La piel de «El Oso de Belgrado»
No vendamos aún la piel del oso, que Carlos todavía sólo ha cazado un guarro (por el barro parisino), un conejo (por lo rápido de las duras de Nueva York) y dos zorros (por las praderas londinenses)
Por fortuna, el baño de Alcaraz en tres sets corridos a Djokovic en la gran final de La Catedral londinense, no ha sido tanto sorpresa como confirmación. Ha sido el paso del testigo del más grande de todos los tiempos (sin duda), a quien aspira a serlo. Y es que el testigo es una raqueta.
Es evidente que el chiquillo de El Palmar ha sufrido una catarsis en esta primera mitad de año (los griegos dirían que «ha hecho crisis», que lo usamos mal casi siempre) y ha dejado de ser una promesa, rutilante sí, pero promesa al fin y al cabo, para convertirse en un serio aspirante a los pesos pesados con todas las opciones abiertas.
Nole ha pasado este año por la hierba sagrada de Wimbledon con gran despliegue de fuegos de artificio, con mucho show e imprecaciones, reivindicándose de manera constante al termino de cada partido ante el micro, convirtiendo cada paso de ronda en un mitín y lanzando tras cada victoria un mensaje (o un aviso) a Ferrero y Cía.
Su recuperación de artroscopia de rodilla ha sido tan asombrosa que se antoja sobrenatural: ni una secuela, se mueve como un gato. ¡Y eso a los 38! Una pelea constante con el público, serenata muda de violín incluida para desafiar a esos hooligans que le hacían abucheaban. Pero toda esa ira, esa bilis que supuraba mirándoles a los ojos, al final no hacían sino evidenciar que él sabía que «no estaba» Pero no por la rodilla, sino por el rodillo: un rodillo llamado Carlos.

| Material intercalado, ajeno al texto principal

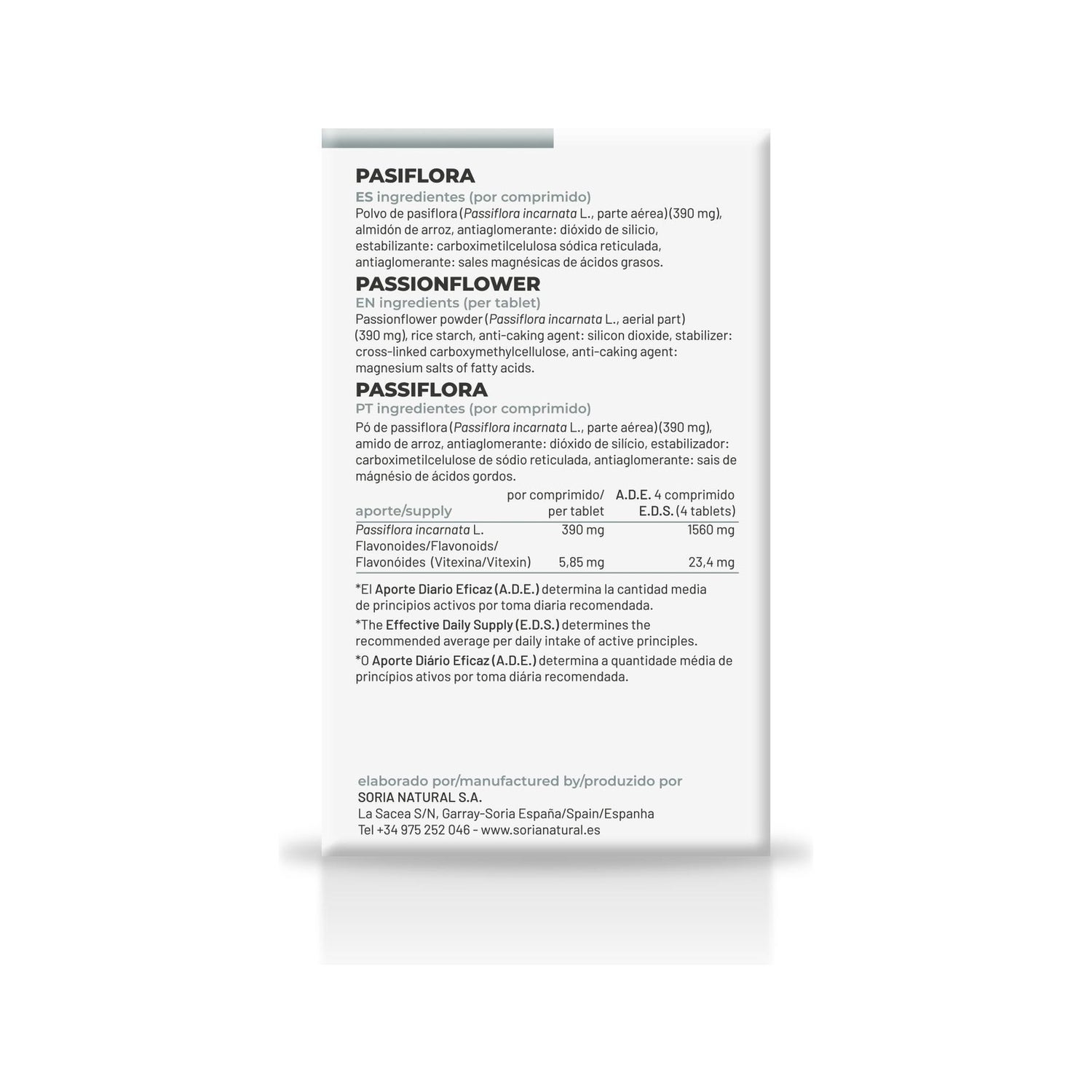 Soria Natural Pasiflora 60comp é um suplemento alimentar que ajuda a aliviar casos de insónia, stress, má digestão ou casos de nervosismo intenso

No suele ser buena señal mostrar tu vulnerabilidad al que te observa desde el otro lado de la red. El de Belgrado ha sido siempre la excepción que confirma esa regla. Tiene muchos demonios y su mérito es haber logrado abrirse paso entre esos dos colosos, Nadal y Federer, y como Sansón, derribar ese par de columnas para hacerse con las llaves del templo. Por eso no acaba el hombre de entender la desafección. Pero pasa que, al competir feo, como ha hecho a lo largo y ancho de su carrera, rayando el límite tangente del reglamento, una gran parte del respetable no le respeta. Por sus salidas de tiesto e idas de olla, atesora por lo menos dos grandes menos de los que cabría esperar: el US Open del bolazo y los que se perdió por la no-vacuna en el momento álgido de su carrera. Aunque lo cierto es que merece un respeto a las narices que le echó al asunto por fidelidad a sus acertadas o equivocadas convicciones.
Hasta hoy era quizás el único jugador, junto a McEnroe, capaz de convertir la ira en gasolina, pero se le acaba de quedar vacío el tanque. Hasta ayer, si el serbio estallaba en mil añicos su raqueta contra el banquillo o el poste de la red, era señal de «agárrate, que vienen curvas», pero ya no.
Antes mentaba a Sansón, y es que para Nole, pintan calvas. Con la llegada de Carlos y Jannik, se le ha caído el pelo, se le va la fuerza por la boca y los años le han vuelto más humano. Sí, como Sansón. Su cuento de miedo ya no mete tanto yu-yu. Rugirle a la cara al oponente en el momento clave y que el otro (pobrecito Berretini) se cagase vivo, se acabó. Marcharse al vestuario siete minutos para que el contrario pusiera la cabecita a pensar, se ha vuelto un viejo truco demasiadas veces visto. «Nole y el lobo» es un cuento de niños y Alcaraz ya no es Carlitos sino Carlos.
Con eso y con todo, el 7-6 del tercer set y su huida hacia delante escapando de tres match ball con 5-3 y 40-0 para Carlos, habla por si solo. Ser capaz de llevar al imberbe campeón hasta ese tie-break (que es como los penaltis, para entendernos), dan un idea del riesgo que entraña cualquier pelea contra una fiera herida de semejante calibre, por más calibre que gastemos.
No vendamos aún la piel del oso, que Carlos todavía sólo ha cazado un guarro (por el barro parisino), un conejo (por lo rápido de las duras de Nueva York) y dos zorros (por las praderas londinenses). La bestia a la que ha abatido hoy lleva incontables piezas cobradas, un rosario de cabelleras colgadas de su montura y un reguero de sangre que llega hasta los Balcanes. No esta muerto todavía. Y si no que se lo pregunten a Rune y a Musetti, porque, que yo sepa, a la final de Wimbledon sólo han llegado dos jugadorazos que no han sido ni Sinner, ni Zverev, ni Medvedev.